In our logic s here always goes from 0 to N with 0 corresponding to the value at x1 and N corresponding to the value at x2 -- so we need to shift the value of s so that it is zero when at x1 and N when at x2

remember that N = (x2 - x1) (the difference between the days: day 25 - day 5 = 20 = N etc.)

s(x) = (x - x1)
s(x1) = (x1 - x1) = 0
s(x2) = (x2 - x1) = N

So

f(x) = (y2 - y1)/(x2 - x1) * (x - x1) + y1

or

(y - y1) = (y2 - y1)/(x2 - x1) * (x - x1)


So long story that you will never remember (and you don't have to, I don't do pop-quizzes) but you can derive the equation for a line between two points from linear interpolation.

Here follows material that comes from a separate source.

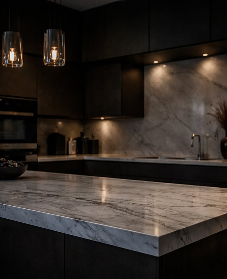 Mermer, granit ve kuvars mutfak tezgahlarında özel üretim ve profesyonel uygulama için

There ARE easier ways to get there -- such as the using the definition of slope:

slope is "rise over run" or (dy/dx) where dy = difference in y, dx = difference in x

m = dy/dx = (y2 - y1)/(x2 - x1)


another difference might be the change from our starting point to another point (x, y) on the line:

m' = dy/dx = (y - y1)/(x - x1)

the slope of a line is the same everywhere on the line so m = m'

(y2 - y1)/(x2 - x1) = (y - y1)/(x - x1) -- lets put the unknowns on opposite sides

((y2 - y1)/(x2 - x1))* (x- x1) = (y - y1) -- solve for y

y = ((y2 - y1)/(x2 - x1)) * (x - x1) + y1

and we have the formula for a line passing though two point (x1, y1), (x2, y2)

So -- memorizing forulas is great and all. But understanding and a little algebra can save you from having to memorize a lot... or memorizing a lot can save you from some algebra and maybe a little understanding.